A focus on data and AI doesn’t mean forgetting people power. In 2019, Catalano spearheaded an effort to move the company onto the Workplace collaboration platform, which is based on a social media interface. When tens of thousands of employees found themselves videoconferencing from home, the platform was a welcome way for teams to connect outside the office. “The organization was already primed for interaction and collaboration,” Catalano says. “It was a great foundation to have in the Covid-19 crisis, which reinforced the need for something resilient and easy to communicate across teams.” In a company Nestlé’s size, such connections and communication proved to be a major competitive advantage.
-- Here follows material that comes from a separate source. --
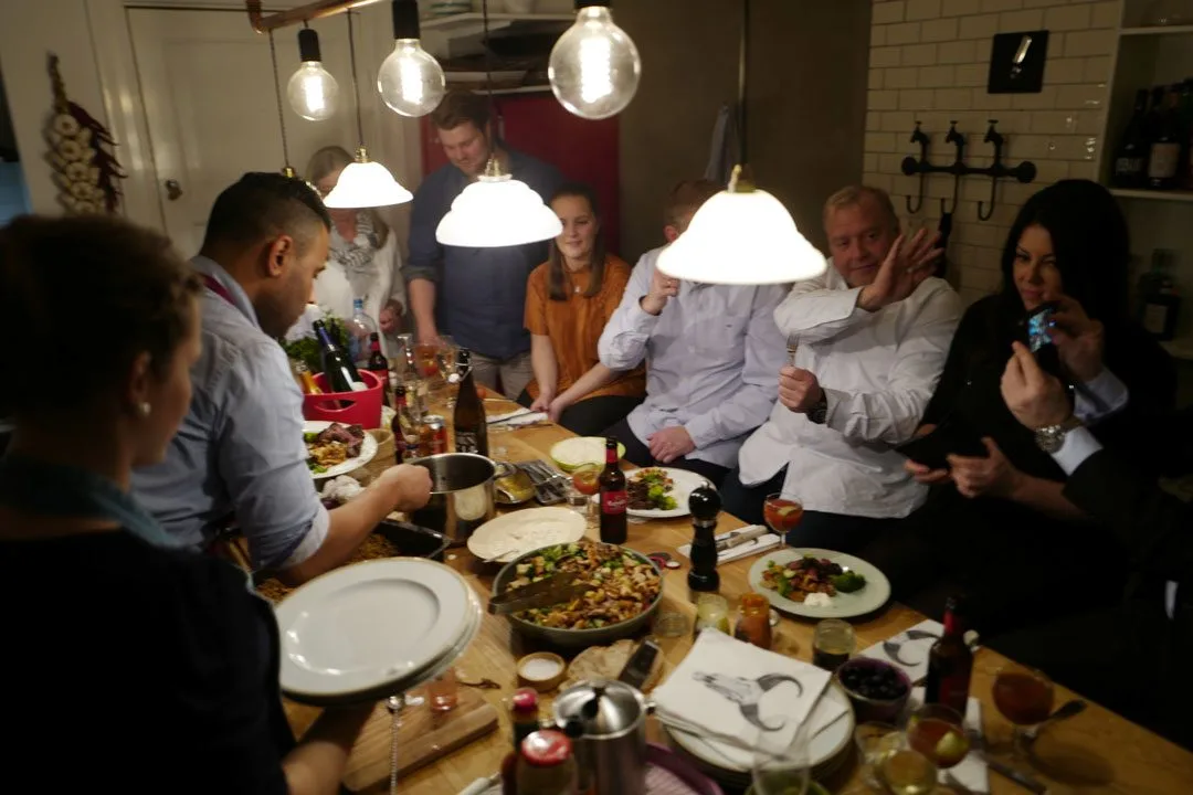 Daniel sto for maten han fikk god hjelp av sin kjæreste Maya. Alle rundt bordet stilte opp med oppvask og rydding underveis, så dette var virkelig en fin gjeng.
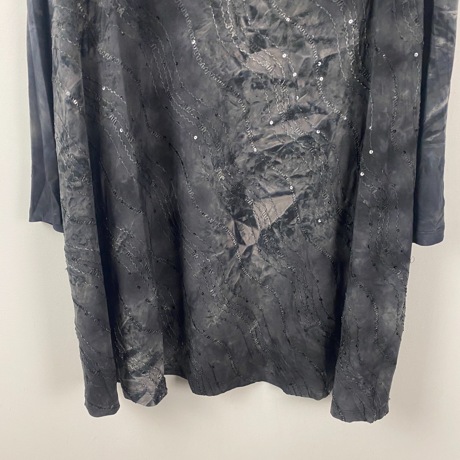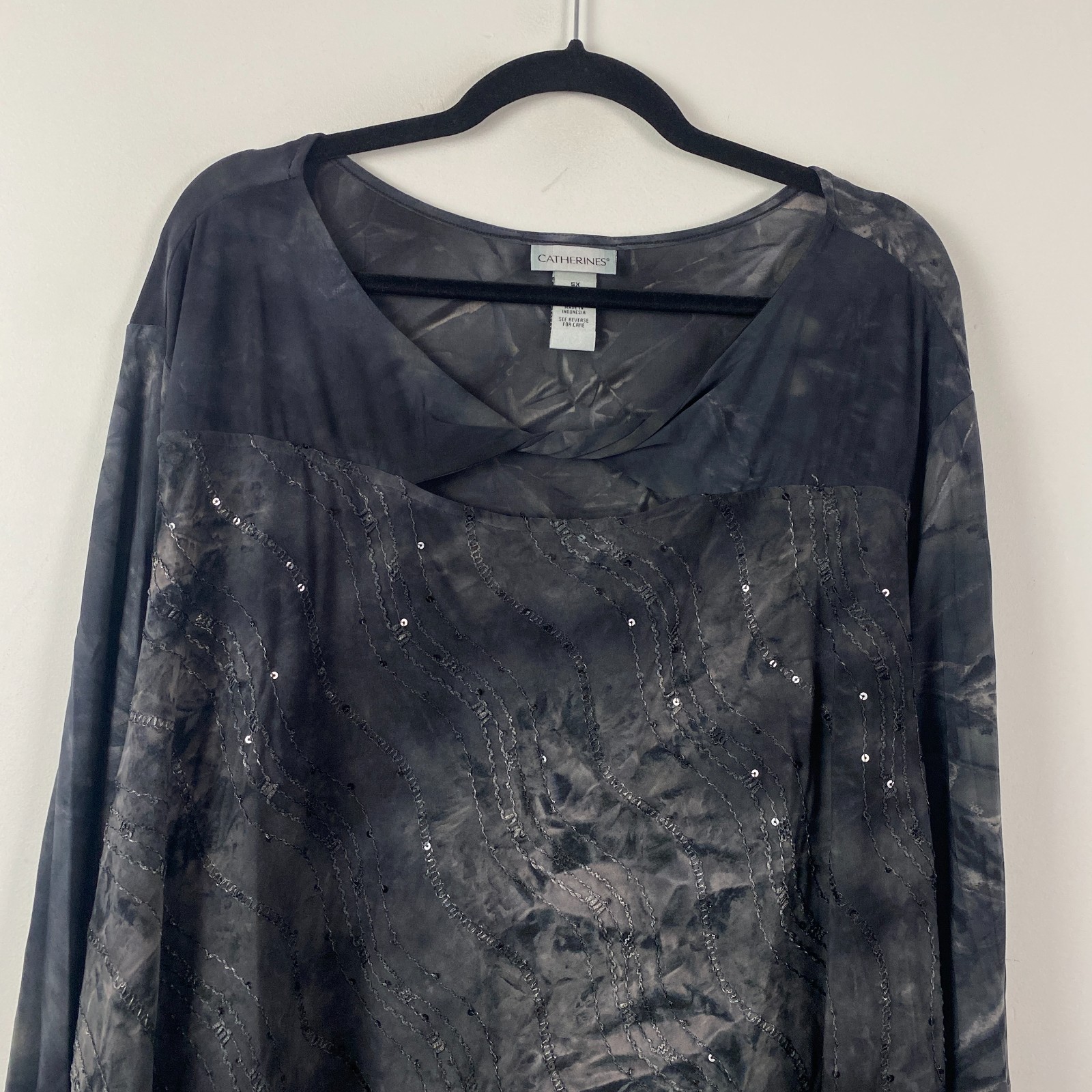 Catherines Starlight Top Size 5X Gray Twist Keyhole Neck 3/4 Sleeves Sequin

Just as their offices in China provided early warning signals, the workarounds and lessons learned at the Global Hub in Italy in the early days of the crisis meant offices elsewhere had a head start when lockdowns hit. “Country A could learn from country B how to react,” Catalano says. “It’s not an exact science, but it gives you two or three different ways to understand how things might evolve moving forward.”

Meanwhile, the company’s thousands of brands were racing to adjust to changing markets. In just a few months, “there’s been a visible shift in channel competition,” Catalano says. “It’s definitely shifted the needle in terms of consumers trying things online for the first time.” Remote commerce—online sales, e-retailing, and direct-to-consumer marketing—have surged, with over 10 percent of company sales taking place via e-commerce. And with consumers spending more time at home and online, the ways they evaluate products and ask questions have also shifted. As people stay away from stores, Nestlé is seeing more and more interaction with digital “chatbots” trained using AI algorithms. On platforms like Facebook, WhatsApp, and China’s WeChat, bots increasingly answer questions about product availability, ingredients, and safety.

Covid-19 has meant some rapid change. But Catalano argues that fundamentals like communication, collaboration, and in particular a focus on what data can deliver will remain important to Nestlé as the company seeks a new, post-pandemic path forward. “All of the foundations we’ve worked on in the past three or four years are helping us now as well,” he says. His philosophy of giving brands and regions the freedom to make their own decisions on how to assemble and re-use the modules and components provided globally by the Group has proved very effective. “Forget the fluff. Make sure the foundations are in place, and the rest will take care of itself.”

Top Trends in Technology — #1

Remote Collaboration

After months of Zoom conferences and Microsoft Teams meetings, this one’s no surprise. But Catalano says the next hot companies will be the ones to solve the problem of getting creative collaboration—brainstorming, “post it on the wall” sessions—online. “The next frontier is how do you bring dispersed teams together,” Catalano says. Virtual reality could be an answer.

Top Trends in Technology — #2

Augmented Reality

Travel restrictions and global lockdowns posed a surprising problem for Nestlé’s many factories: Repair technicians couldn’t travel, so when a complicated machine broke down or needed commissioning, local staff was on its own. Nestlé has now deployed augmented reality, or AR, software that superimposes technical data and drawings on top of live feeds of machines. Point your tablet at the machine and the buttons will be highlighted, helping speed troubleshooting calls with remote tech support. “With travel being halted, maintenance experts couldn’t get to factories,” Catalano says. “In less than two weeks, we deployed these AR solutions. The level of adoption was tremendous.”

Technologie-Trends – #3

Touchless and Voice 

Covid-19 may have killed the deal-closing handshake. Other casualties could include the old vending machine down the hall—who wants to share buttons with a building full of people? “Touchless tech is going to get a boost,” says Catalano. At Nestlé they’re already experimenting with touchless coffee makers and vending machines. One big winner could be voice-activated machines: Alexa at the bus stop ticket machine, for example. “Voice technology has good adoption in homes,” Catalano says, “but I think we will see more embedding of voice in and out of the home.”